### Task description
Please restate word for word the lines of the entries below from the one with "9. Over medium" to the one with "а кликом по", inclusive, and leave out every picture.
+++
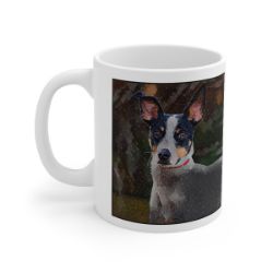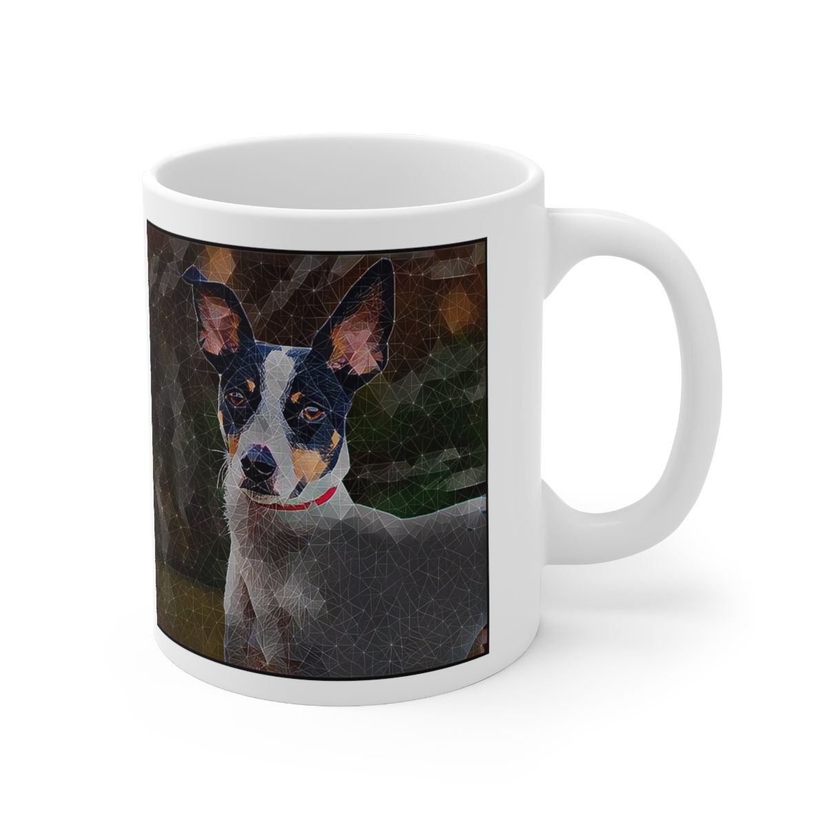 Keep cozy and warm with a nice cuppa, featuring the beloved Rat Terrier dog breed stylized in our Coloromo Rock Candy art on a ceramic mug. Lead and BPA-free, these durable mugs are also microwave & dishwasher-safe. Made of white, resilient ceramic in an 11-ounce size, this is the perfect gift for coffee, tea, and hot chocolate lovers.
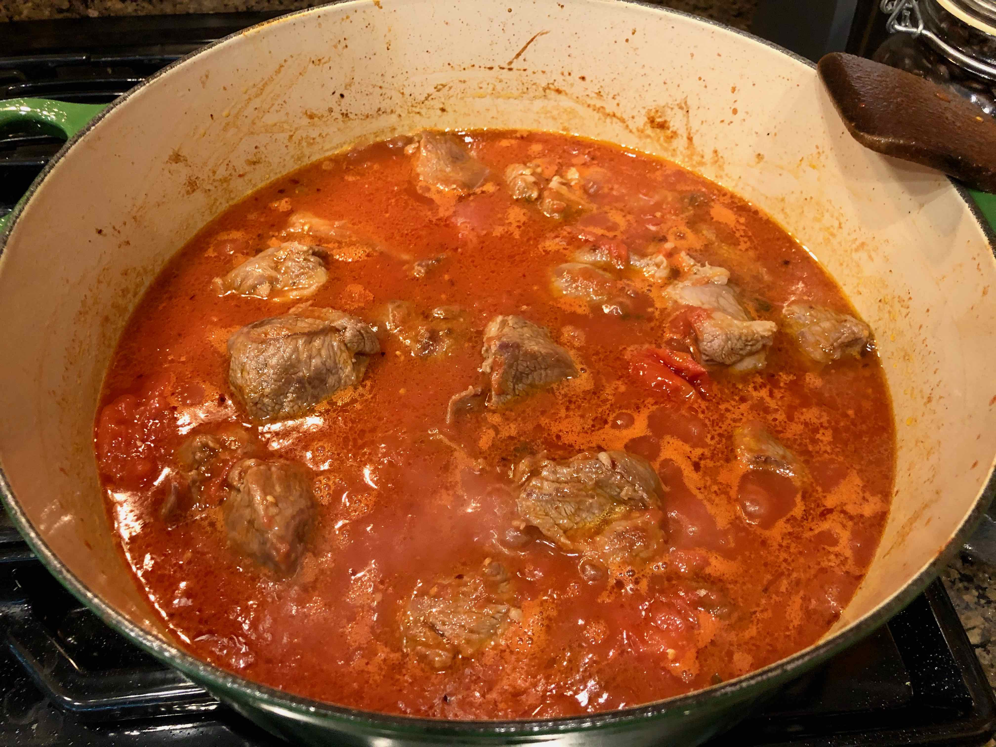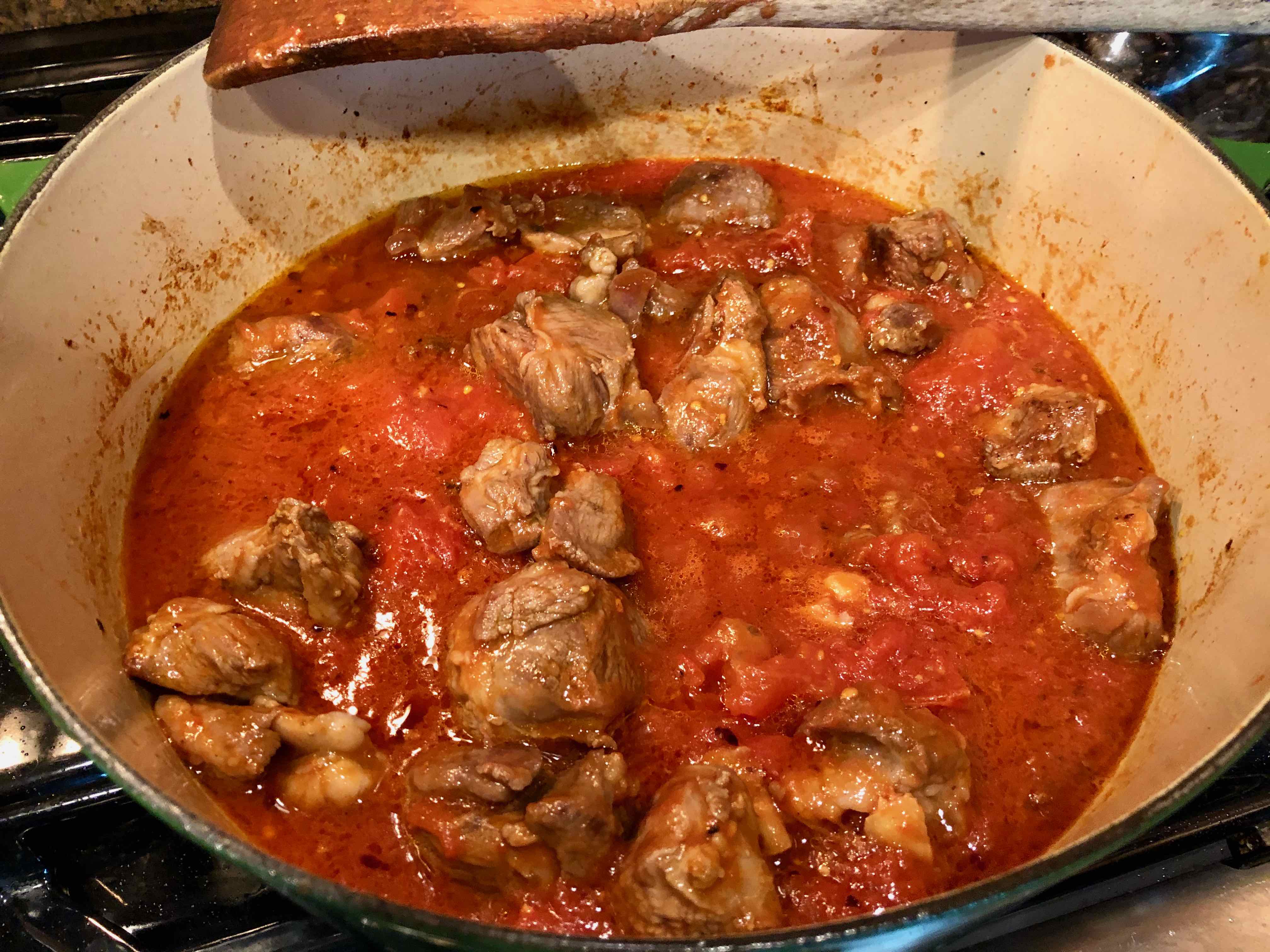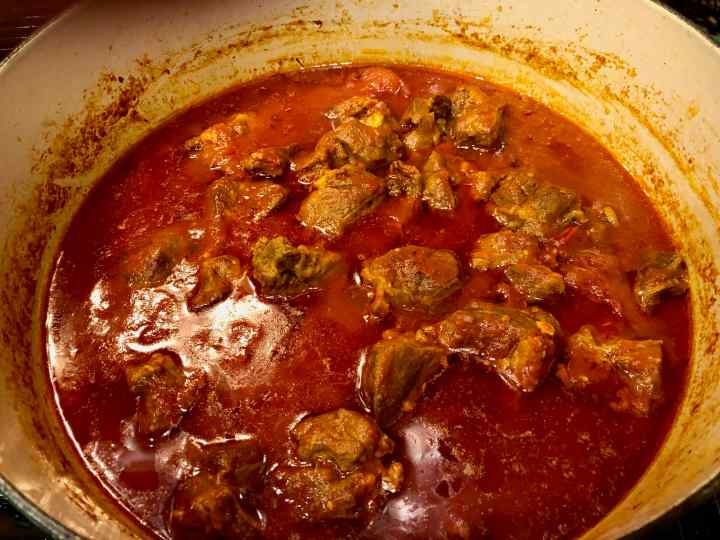 9. Over medium heat, bring to a brisk simmer, and simmer, covered, over low heat, until the lamb is tender. Depending on the lamb, this may take anywhere between 45 to 60 minutes. Test occasionally for tenderness with a fork.
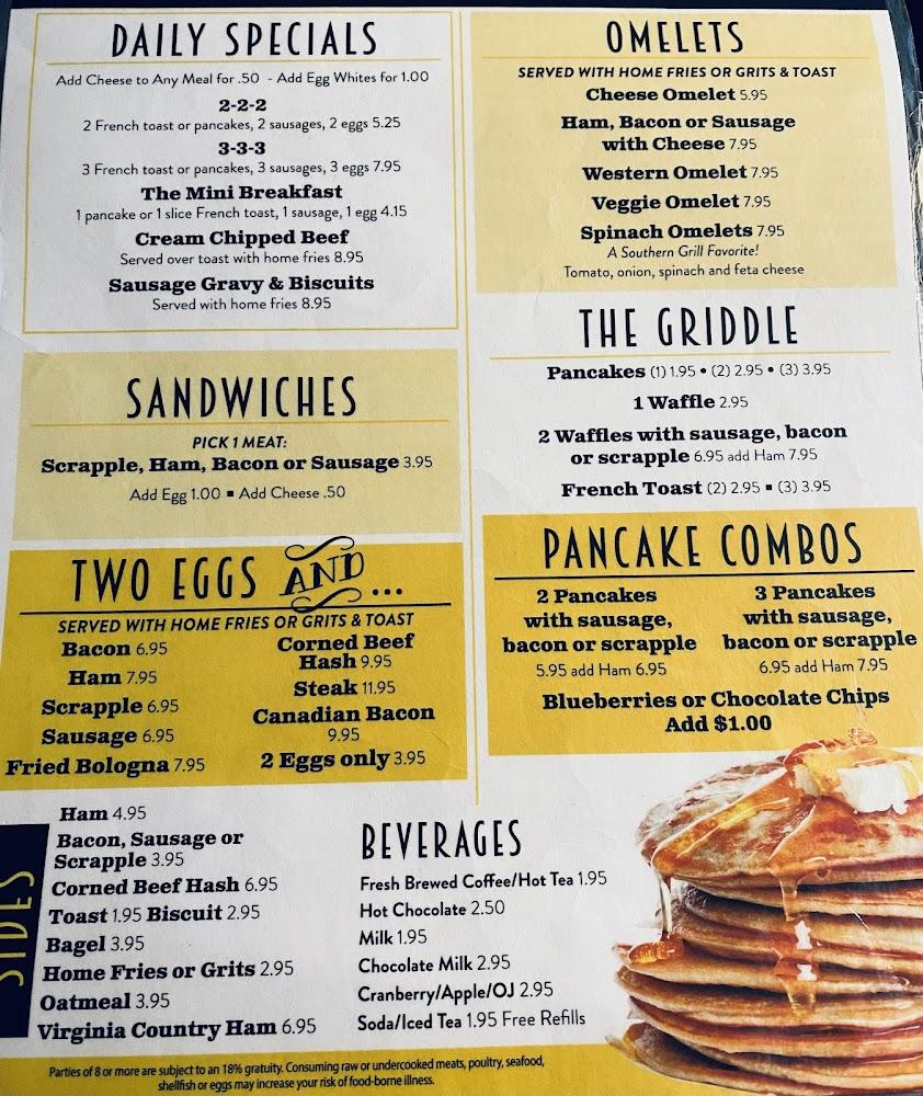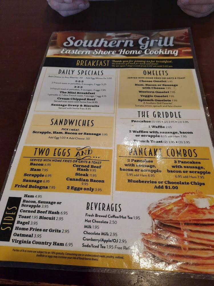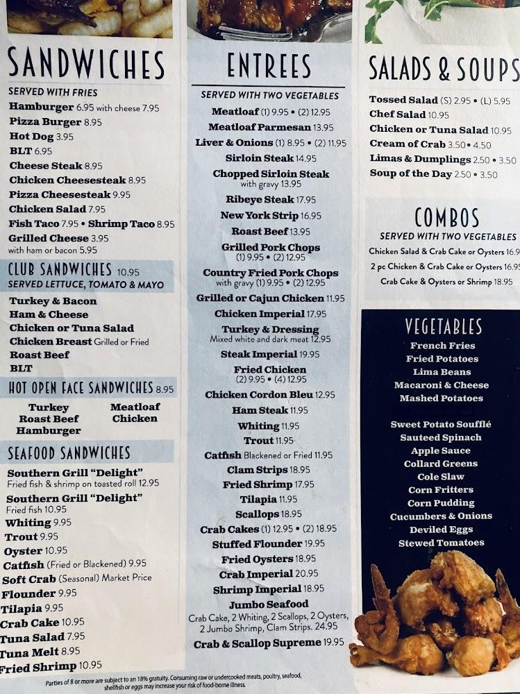 Southern Grill's menu features comfort food for every craving. Breakfast offers specialties like creamed chipped beef and pancakes that dominate the morning. Lunch and dinner present options from fried chicken and seafood sandwiches to meatloaf and hearty entrees.
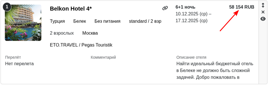 а кликом по цене можно изменить стоимость туров, которые Ваш турист рассматривает.
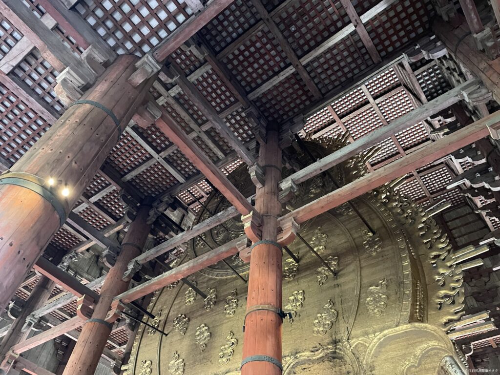建築は、奈良時代に発展した天平様式(唐の影響を受ける)を代表する和様建築と言われるそうで、日本独自の木組みの技術やデザインが使われています。大きな梁と柱で支えられており、釘をほとんど使わず「組み木」という方法で組み立てられています。
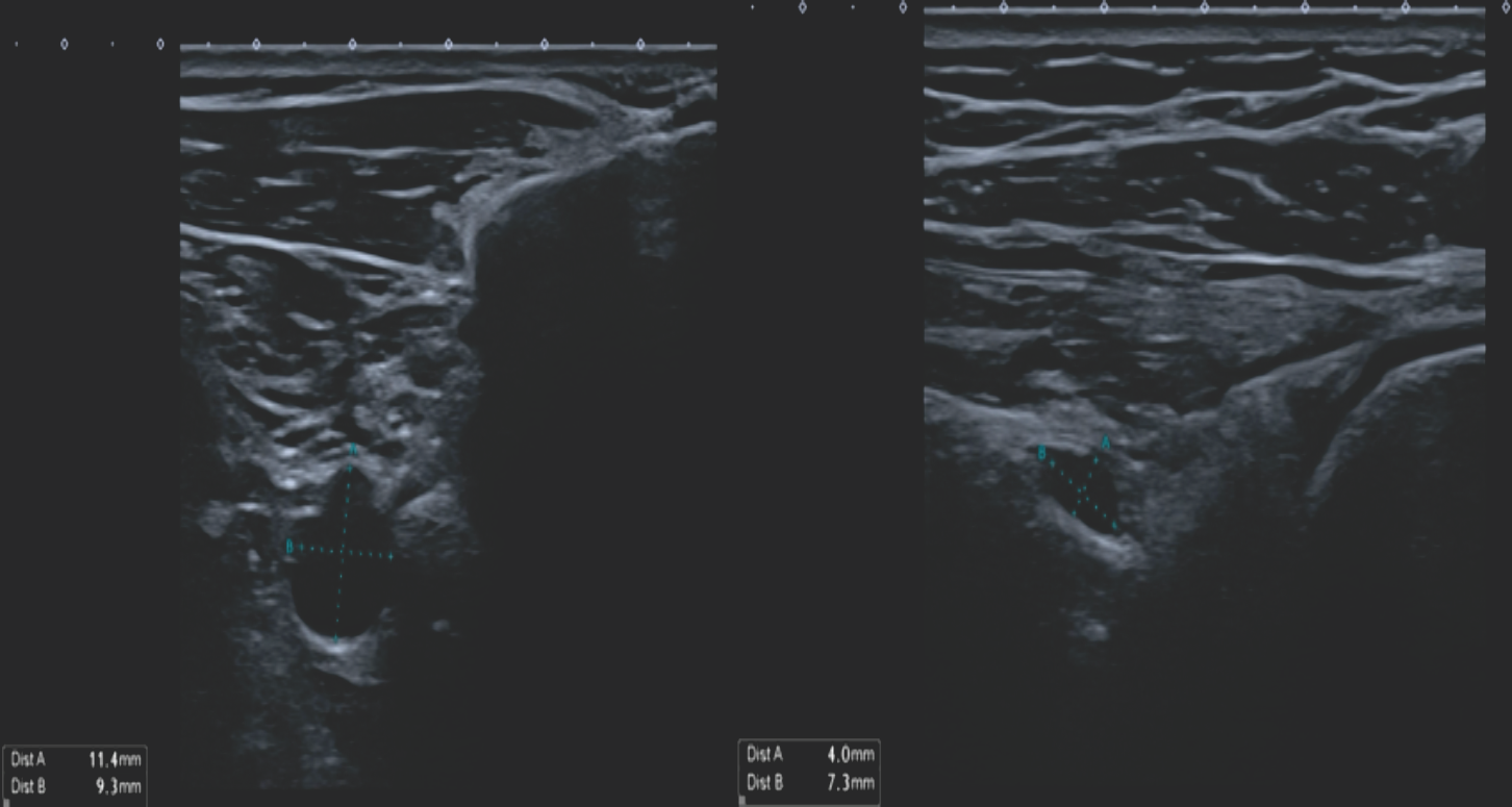 Figure 2: Ultrasound imaging of the right shoulder 3 months after cyst aspiration and intralesional glucocorticoid injection. The cyst shows enlargement at the suprascapular notch (11.4 × 9.3 mm), with a stable size at the spinoglenoid notch (4.0 × 7.3 mm).
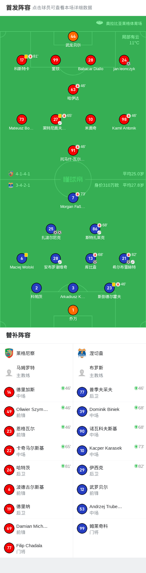 第22分钟,莱格尼察球员莱特尼奥夫斯基助攻jan leonczyk打入一球。
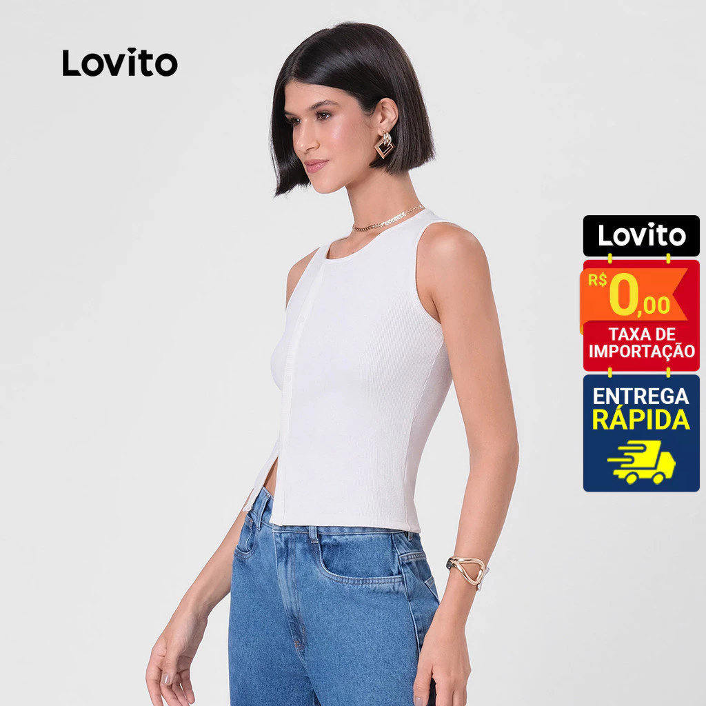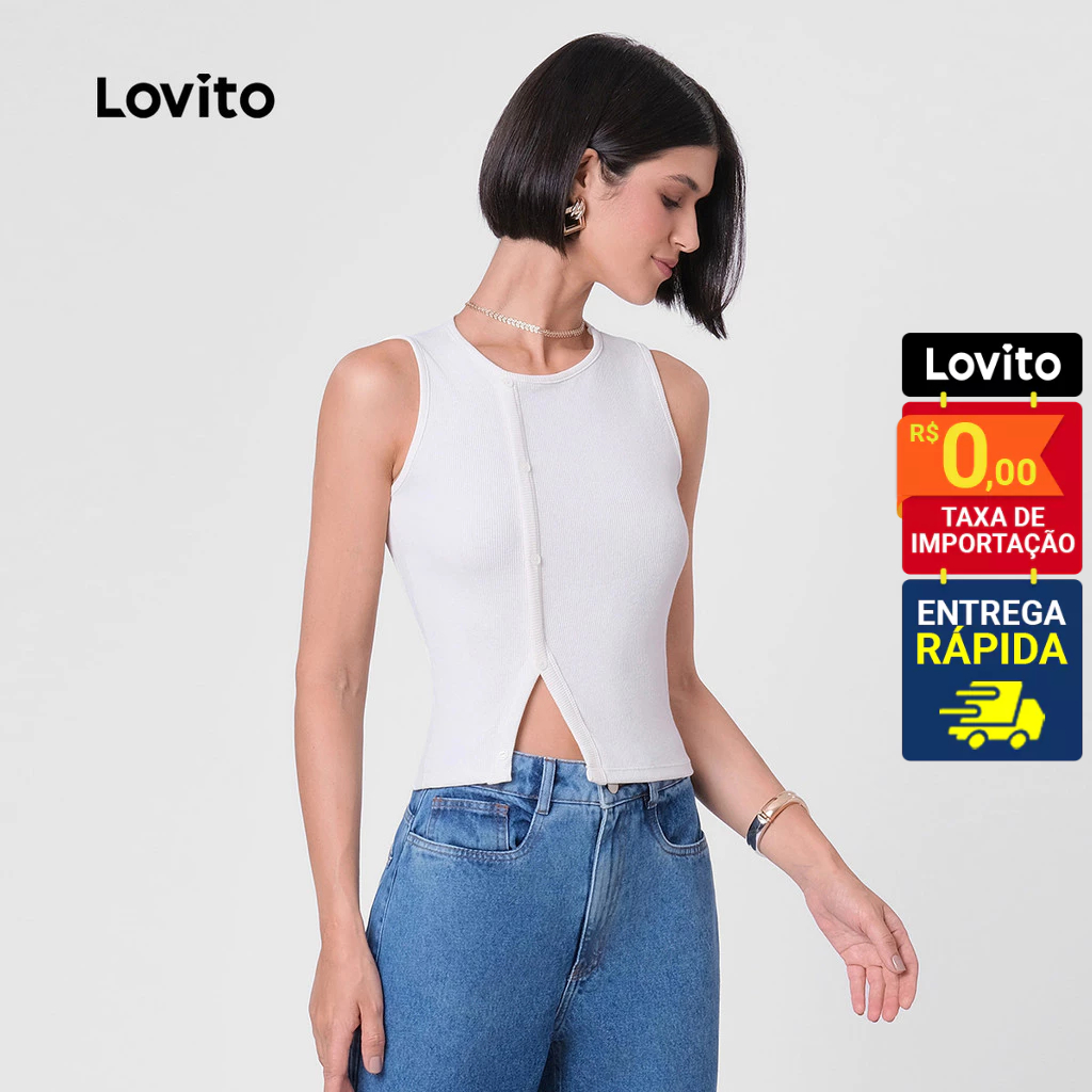 Lovito Regata Feminina Casual com Botão e abertura Assimétrica LB110BRL139
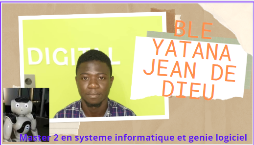 Je suis Ble Yatana jean de dieu, étudiant en Master Systèmes informatiques et génie logiciel (SIGL) à l'ESATIC d'Abidjan. Je suis spécialisé dans le domaine de l'intelligence artificielle et de tout ce qui relève de la quatrième révolution industrielle, à savoir la robotique.
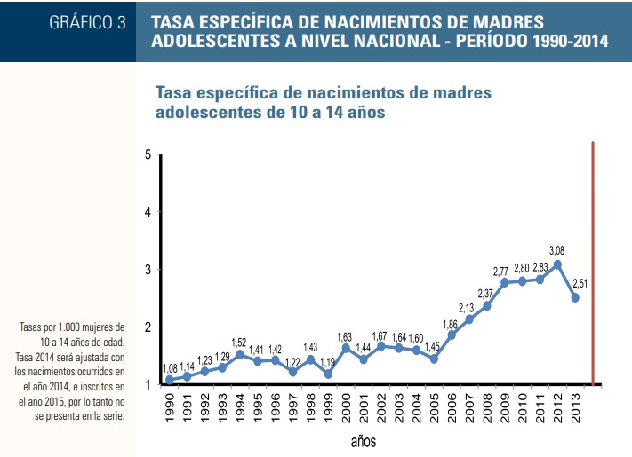 Virginia Gómez de la Torre, Paula Castello y María Rosa Cevallos, en su estudio ‘Vidas Robadas – Entre la omisión y la premeditación: situación de la maternidad forzada en niñas del Ecuador’, exponen que en Ecuador «el embarazo en menores de 14 años es un grave problema de salud pública, la tendencia del porcentaje de partos de niñas de 10 a 14 años se ha incrementado desde 2002 hasta 2010 en aproximadamente un 78,1%, lo que quiere decir que, en 2010, un total de 3.864 niñas menores de 14 años fueron madres producto de la violencia sexual«.
+++
### Answer below
 9. Over medium heat, bring to a brisk simmer, and simmer, covered, over low heat, until the lamb is tender. Depending on the lamb, this may take anywhere between 45 to 60 minutes. Test occasionally for tenderness with a fork.
 Southern Grill's menu features comfort food for every craving. Breakfast offers specialties like creamed chipped beef and pancakes that dominate the morning. Lunch and dinner present options from fried chicken and seafood sandwiches to meatloaf and hearty entrees.
 а кликом по цене можно изменить стоимость туров, которые Ваш турист рассматривает.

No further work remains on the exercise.